В гносеологии интуитивизма новое измерение получал вопрос о времени. Лосскому был совершенно чужд катастрофизм, отрицание исторического преемства. Он не допускал уничтожения никакой традиции. Для него в настоящем всегда сохранялось прошлое, органически сосуществуя с будущим. Подобно неоплатоникам, Лосский воспринимал мир и в его тварной сиюминутности, и в его вечной надмирной самотождественности; его время «позитивно», оно исключает «потерю любого содержания»: «…есть изменение, но нет отмены, нет умирания, есть предшествующее и предыдущее, но нет отпадения в область прошлого, ведущего бытие бледных бесплотных теней». Органическое миропонимание Лосского включало в единый процесс все движение мира — природное и социальное. Оно в равной степени было и натурфилософией, и культурологией. От целостности мира русский мыслитель шел к целостности культуры, и это составляет его главную философскую заслугу.

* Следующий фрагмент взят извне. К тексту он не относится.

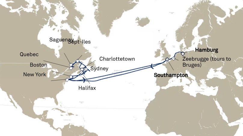 Pour le départ de Cherbourg le 9 juin 2026, réservation en cabine garantie, assignation du n° de cabine à quelques jours du départ.

Лосский этизирует космос и космизирует мораль, для него бесконечная красота мира неотъемлема от красоты человеческого духа. Его философия напоминает святилище, храм. Здесь все гармонично и целесообразно, служит совершенному идеалу. Но это не католический храм, не готика, где все устремлено ввысь, венчает торжество Божественного над человеческим. Это православная церковь, собор, в котором Божество нисходит до человека, делаясь сопричастником его радостей и страданий. В этом единении — «Царство Духа», «совершенное Добро и Красота». Лосский берет эти понятия в основание своего интуитивизма и преобразует их в систему логики, этики и эстетики.
Таковы общие контуры учения русского философа, пропаганде и разъяснению которого он всегда уделял самое серьезное внимание. Этому он посвятил свои «Воспоминания», написанные в эмиграции и впервые опубликованные в Мюнхене в 1968 г.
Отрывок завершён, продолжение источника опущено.